[Data to process]
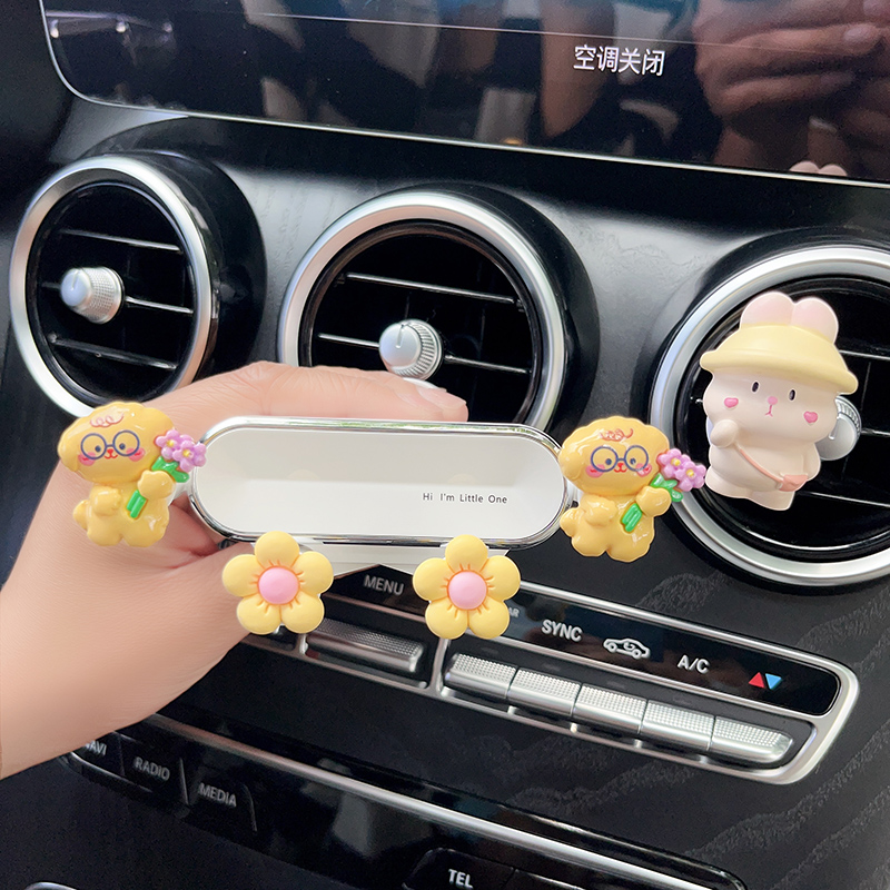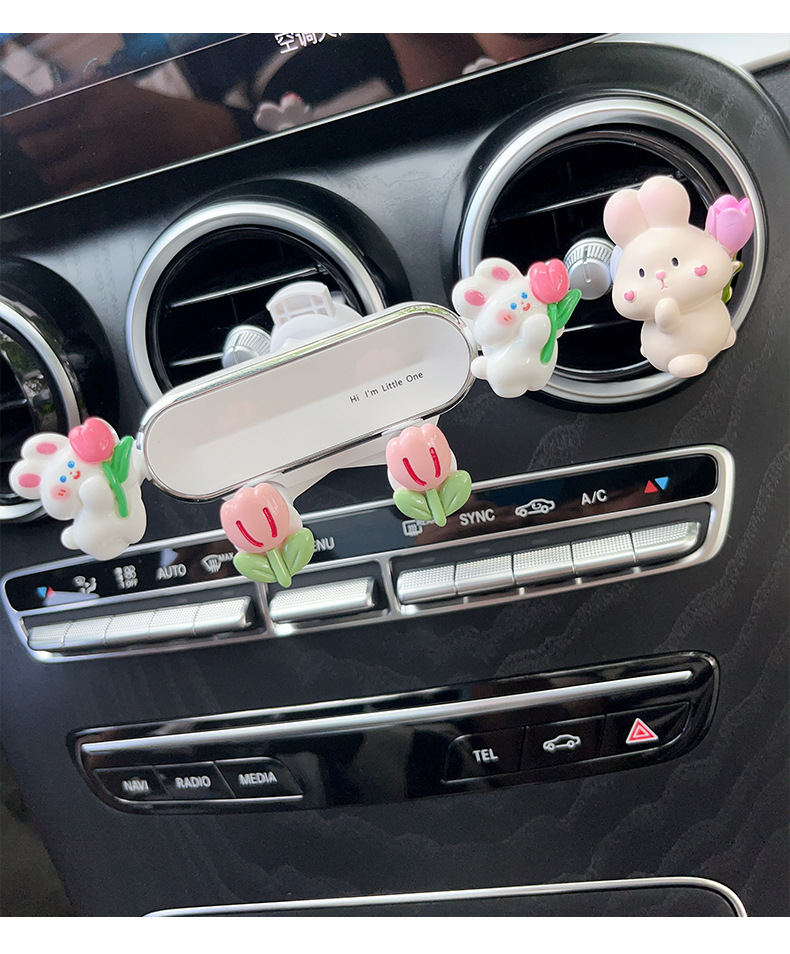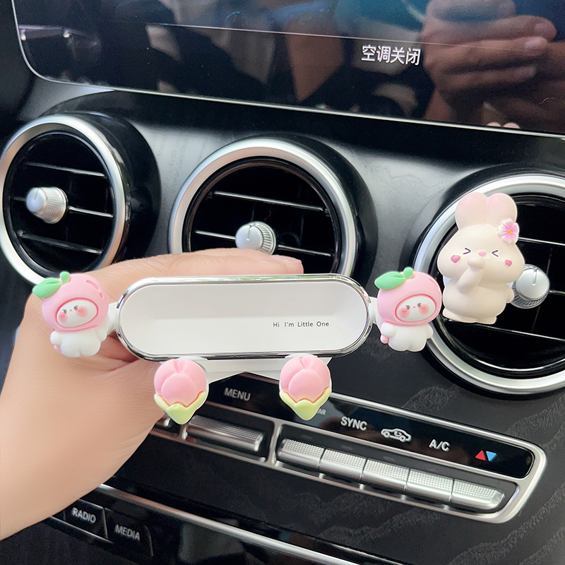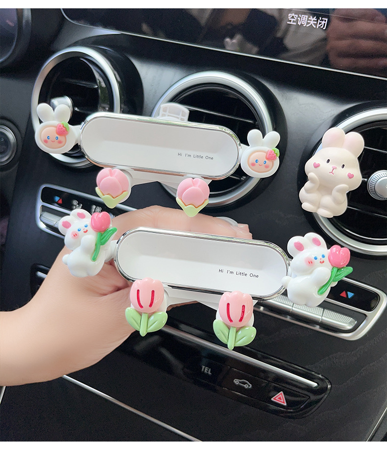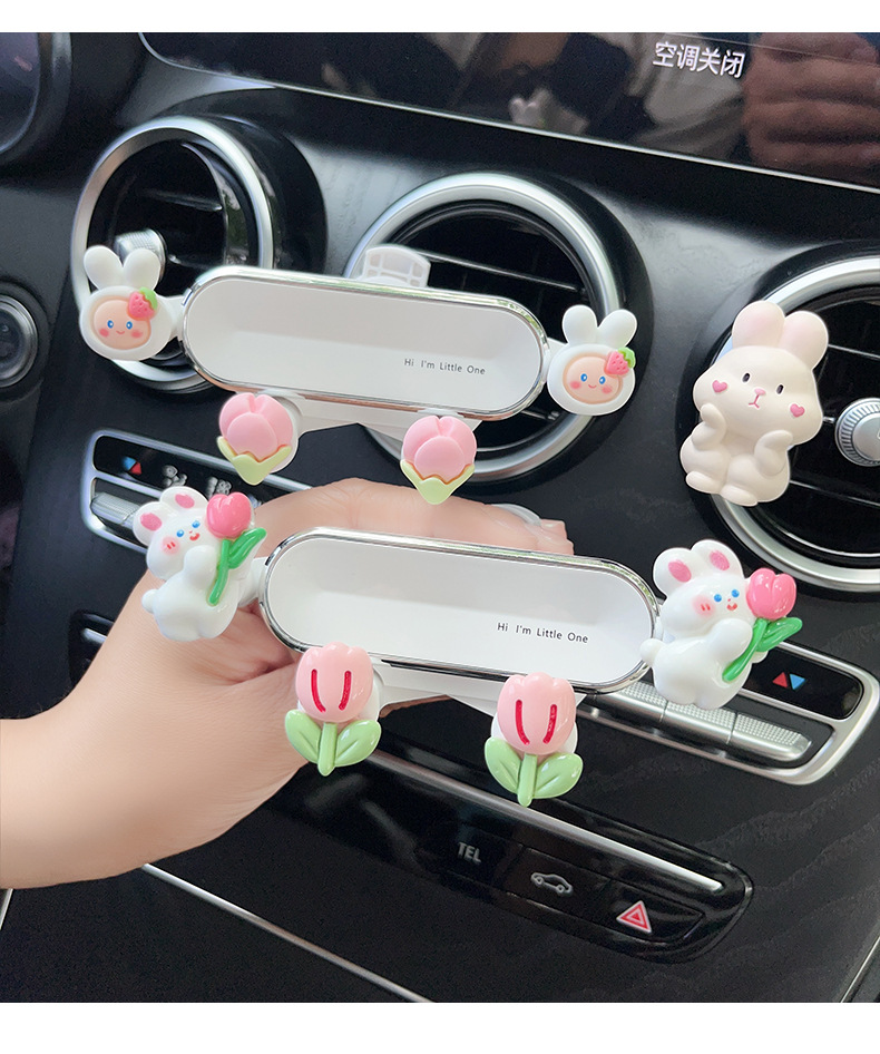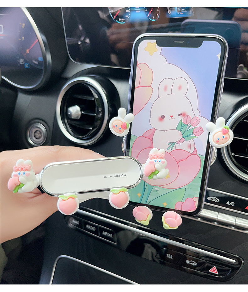 新款车载手机支架导航车上卡通小兔车内出风口装饰汽车固定支撑架
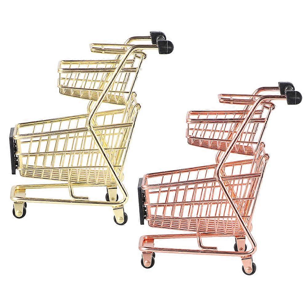 Mini Shopping Handcart Double-Layer for Decoration 4Pcs Assorted Colors
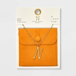 Surprise a loved one with a personalized gift with the Gold Dipped Scattered Cubic Zirconia Initial Pendant Necklace from A New Day™. This gold-dipped necklace features a linked chain adorned with a cubic zirconia accented “V” initial pendant to make it great for accessorizing everyday or special occasions. Designed with an extender chain, this “V” pendant necklace secures around the neck with the lobster claw clasp closure.
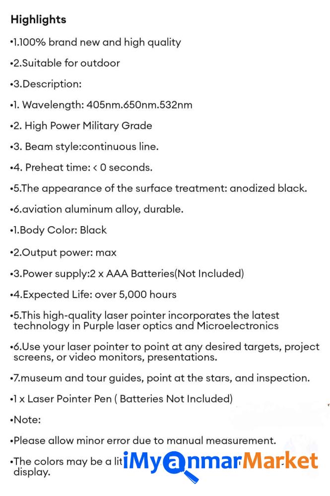 • လေဆာညွှန်ပြတံ ၁ ခု (ဘက်ထရီများ မပါဝင်ပါ)
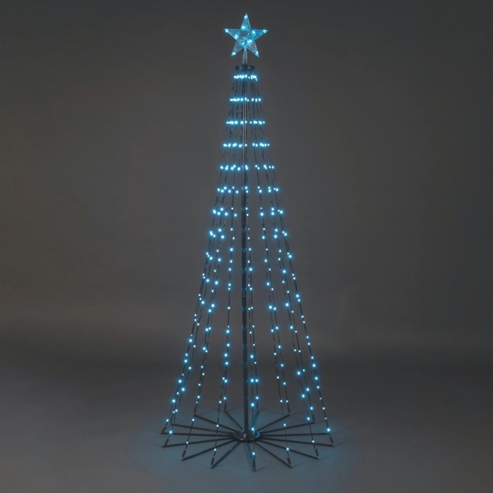 Ge din utemiljö en modern och färgstark touch med denna konformade metallstjärna, utrustad med 15 slingor med totalt 265 st RGB-färgade LED-lampor, skapar den ett stämningsfullt sken som förgyller vilken kväll som helst.
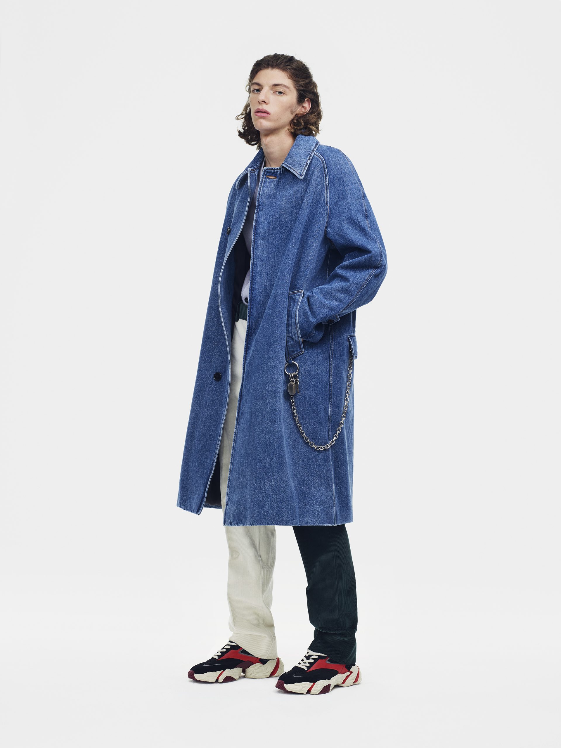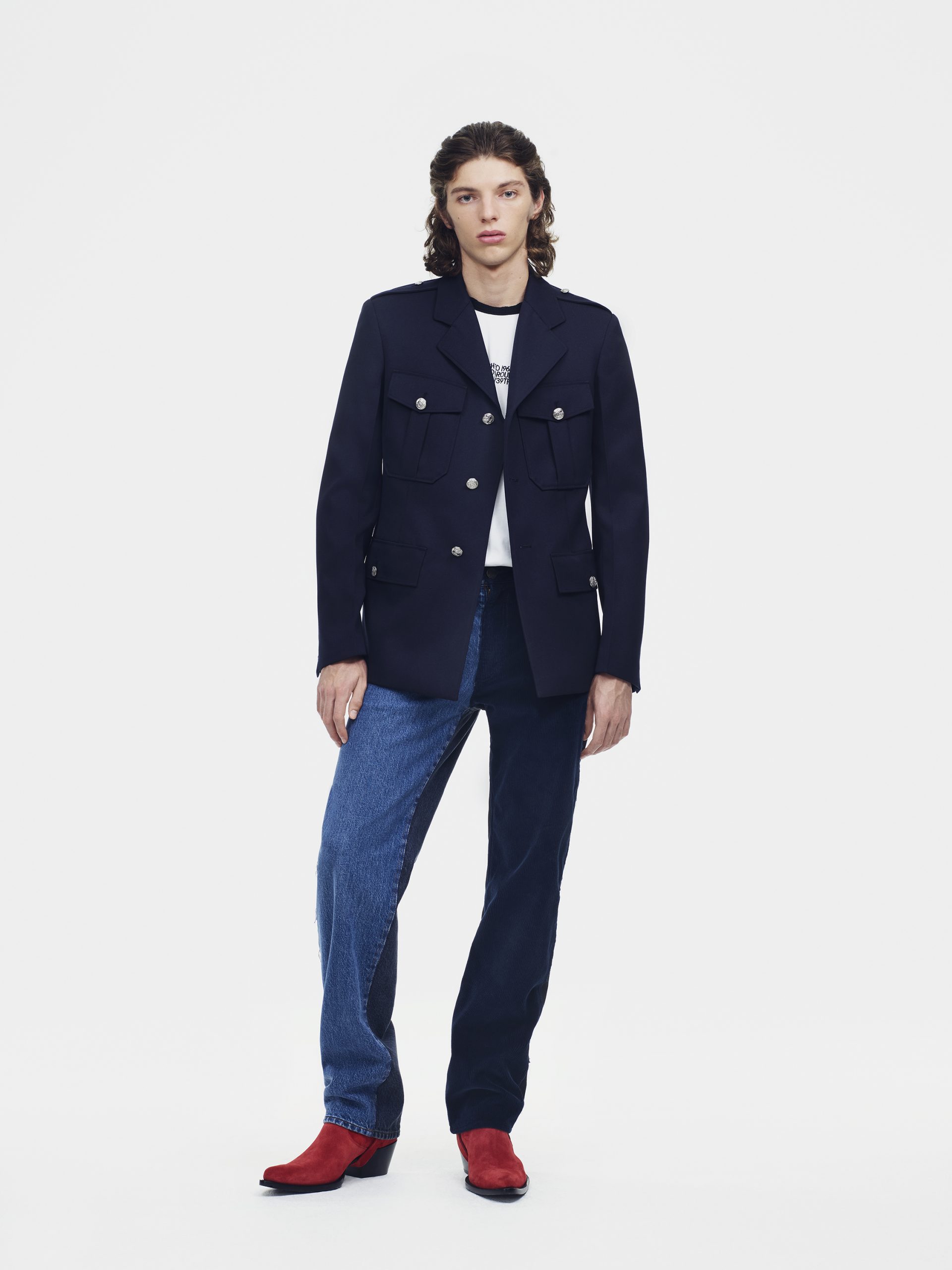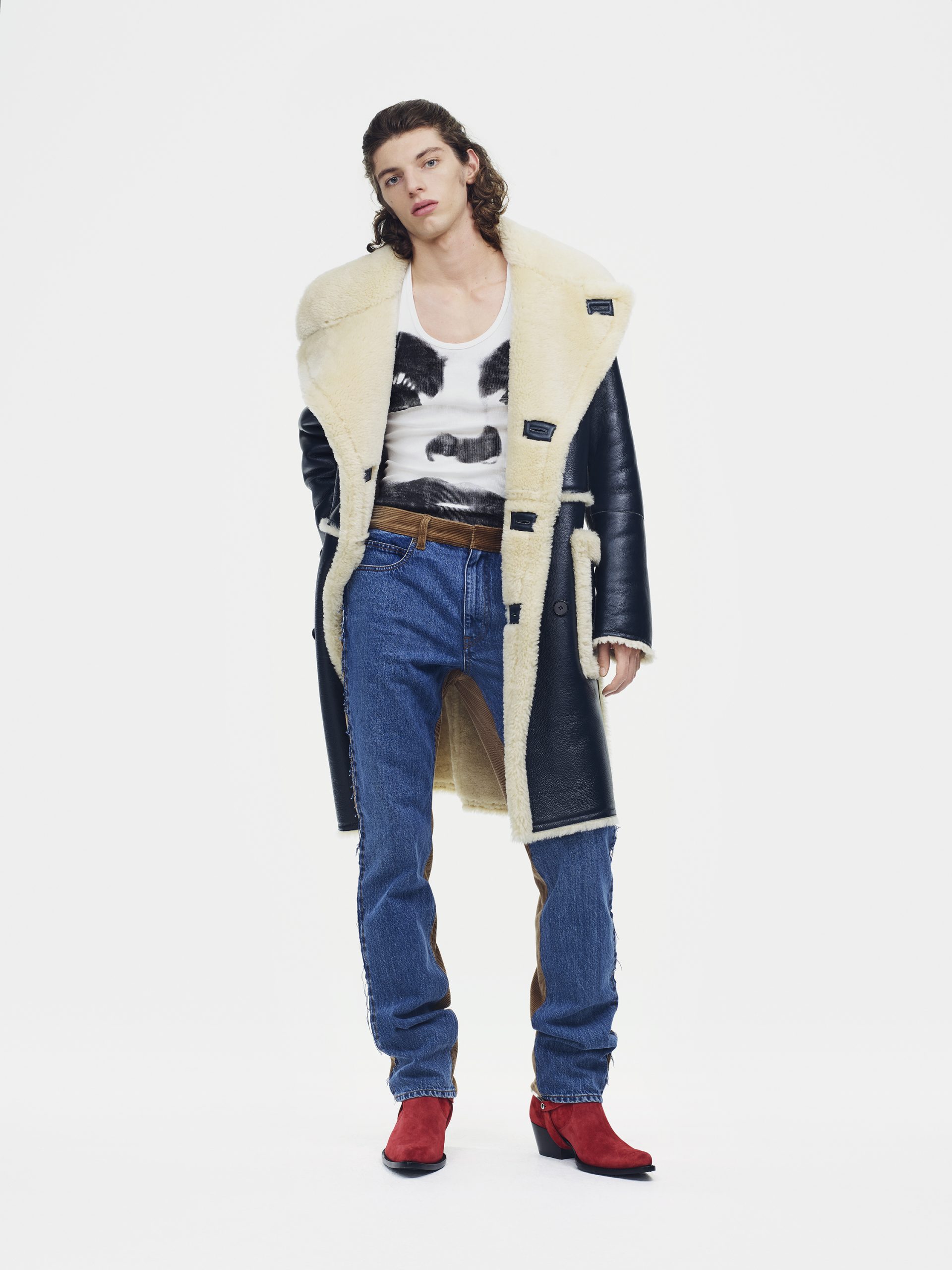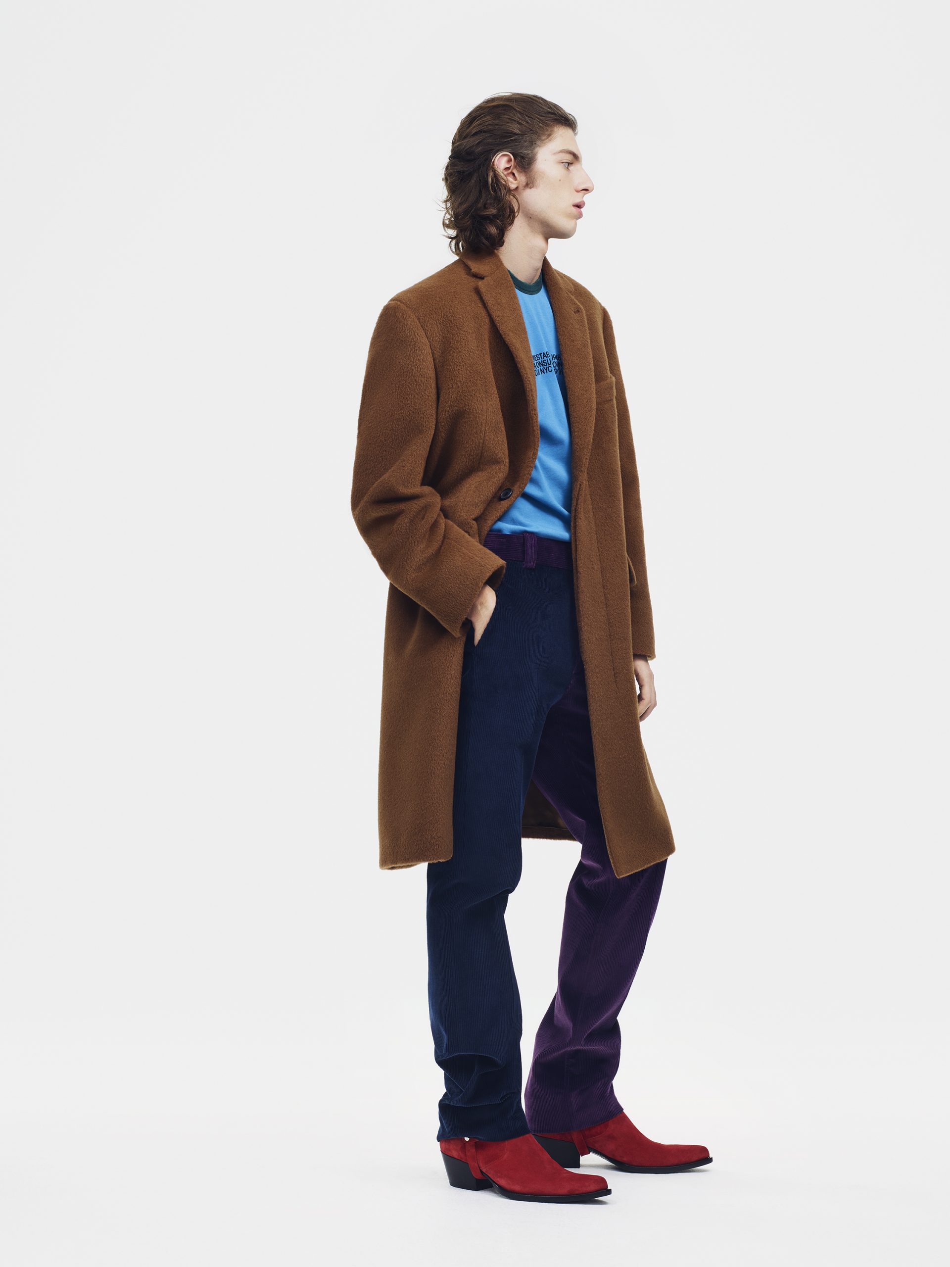 Evocando a colcha de retalhos americana que se tornou um emblema moderno da CALVIN KLEIN, as peças de vestuário são confeccionadas com diferentes tecidos, justapondo texturas e origens contrastantes: tweed contra denim e cores contrastantes de veludo cotelê. A paleta de cores é populista: batom vermelho, laranjas saturadas e rosas, chambray e azuis índigo, um espectro de neutros. Há uma abordagem sincera e atenciosa ao material: denim de algodão e veludo cotelê, alfaiataria de lã seca, cashmere luxuosos de dupla face, densos veludos e malhas de chenille. Sua tatilidade universal convida a pessoa a tocar e vestir.
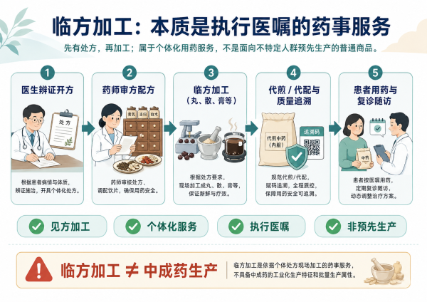 《规范》第四十七条给出了清晰定义:“临方加工:是指中药学专业技术人员根据处方(医嘱),按照传统工艺将中药饮片加工成不同剂型制品的过程,实现用药个体化的专业技术服务。”
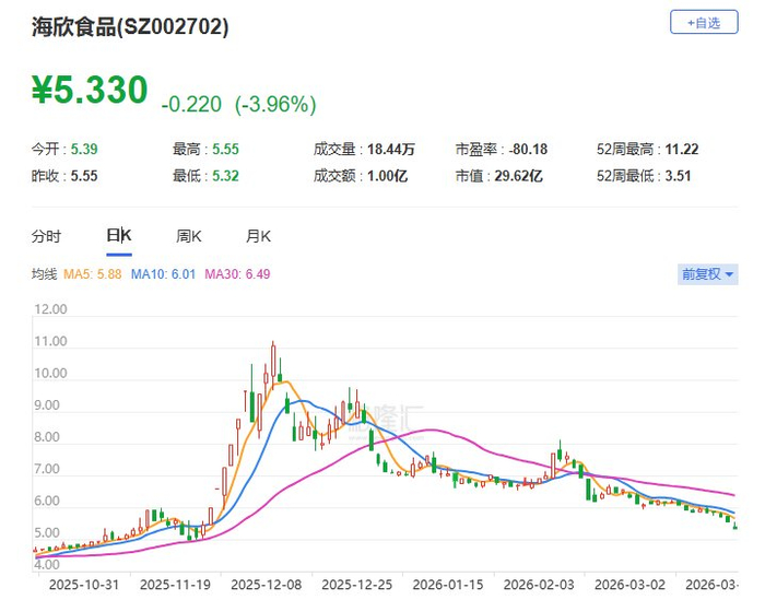 A股异动丨海欣食品跌逾4% 股价创约4个月新低
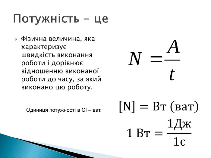 Основною одиницею вимірювання потужності в Міжнародній системі одиниць (СІ) є ват (Вт). Один ват відповідає швидкості виконання роботи в один джоуль за одну секунду (1 Вт = 1 Дж/с).
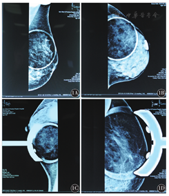 采用美国Hologic全数字化乳腺机摄影Selenia系统,管电压20~39 kV, 30~150 mAs,采用小焦点0.1 mm,大焦点0.3 mm,自动曝光模式下采用加压放大7.5 cm点压迫板和7.5 cm局部放大压迫板,影像传输到SecurView乳腺专用工作站5MP Barco LCD双屏进行阅片。根据2003年美国放射学院(ACR)制定的乳腺X线的BI-RADS分类,BI-RADS≤2为良性,BI-RADS=3为可能良性,BI-RADS≥4a为可能恶性。
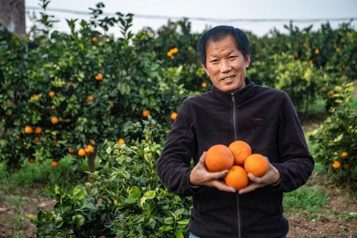 2023年11月28日,在重慶奉節縣草堂鎮歐營村,村民在展示剛剛采摘的臍橙。新華社記者 唐奕 攝
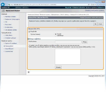 Pokud zadáte IP adresy nebo čísla portů nesprávně, nemusí být možné se k zařízení připojit prostřednictvím Vzdáleného uživatelského rozhraní. V takovém případě je třeba nastavit <Filtr adresy> na <Vyp>. Filtr adresy
[/Data to process]
# [Task objective]
Set down every entry above without alteration, but print no images.

# [Result]
 新款车载手机支架导航车上卡通小兔车内出风口装饰汽车固定支撑架
 Mini Shopping Handcart Double-Layer for Decoration 4Pcs Assorted Colors
 Surprise a loved one with a personalized gift with the Gold Dipped Scattered Cubic Zirconia Initial Pendant Necklace from A New Day™. This gold-dipped necklace features a linked chain adorned with a cubic zirconia accented “V” initial pendant to make it great for accessorizing everyday or special occasions. Designed with an extender chain, this “V” pendant necklace secures around the neck with the lobster claw clasp closure.
 • လေဆာညွှန်ပြတံ ၁ ခု (ဘက်ထရီများ မပါဝင်ပါ)
 Ge din utemiljö en modern och färgstark touch med denna konformade metallstjärna, utrustad med 15 slingor med totalt 265 st RGB-färgade LED-lampor, skapar den ett stämningsfullt sken som förgyller vilken kväll som helst.
 Evocando a colcha de retalhos americana que se tornou um emblema moderno da CALVIN KLEIN, as peças de vestuário são confeccionadas com diferentes tecidos, justapondo texturas e origens contrastantes: tweed contra denim e cores contrastantes de veludo cotelê. A paleta de cores é populista: batom vermelho, laranjas saturadas e rosas, chambray e azuis índigo, um espectro de neutros. Há uma abordagem sincera e atenciosa ao material: denim de algodão e veludo cotelê, alfaiataria de lã seca, cashmere luxuosos de dupla face, densos veludos e malhas de chenille. Sua tatilidade universal convida a pessoa a tocar e vestir.
 《规范》第四十七条给出了清晰定义:“临方加工:是指中药学专业技术人员根据处方(医嘱),按照传统工艺将中药饮片加工成不同剂型制品的过程,实现用药个体化的专业技术服务。”
 A股异动丨海欣食品跌逾4% 股价创约4个月新低
 Основною одиницею вимірювання потужності в Міжнародній системі одиниць (СІ) є ват (Вт). Один ват відповідає швидкості виконання роботи в один джоуль за одну секунду (1 Вт = 1 Дж/с).
 采用美国Hologic全数字化乳腺机摄影Selenia系统,管电压20~39 kV, 30~150 mAs,采用小焦点0.1 mm,大焦点0.3 mm,自动曝光模式下采用加压放大7.5 cm点压迫板和7.5 cm局部放大压迫板,影像传输到SecurView乳腺专用工作站5MP Barco LCD双屏进行阅片。根据2003年美国放射学院(ACR)制定的乳腺X线的BI-RADS分类,BI-RADS≤2为良性,BI-RADS=3为可能良性,BI-RADS≥4a为可能恶性。
 2023年11月28日,在重慶奉節縣草堂鎮歐營村,村民在展示剛剛采摘的臍橙。新華社記者 唐奕 攝
 Pokud zadáte IP adresy nebo čísla portů nesprávně, nemusí být možné se k zařízení připojit prostřednictvím Vzdáleného uživatelského rozhraní. V takovém případě je třeba nastavit <Filtr adresy> na <Vyp>. Filtr adresy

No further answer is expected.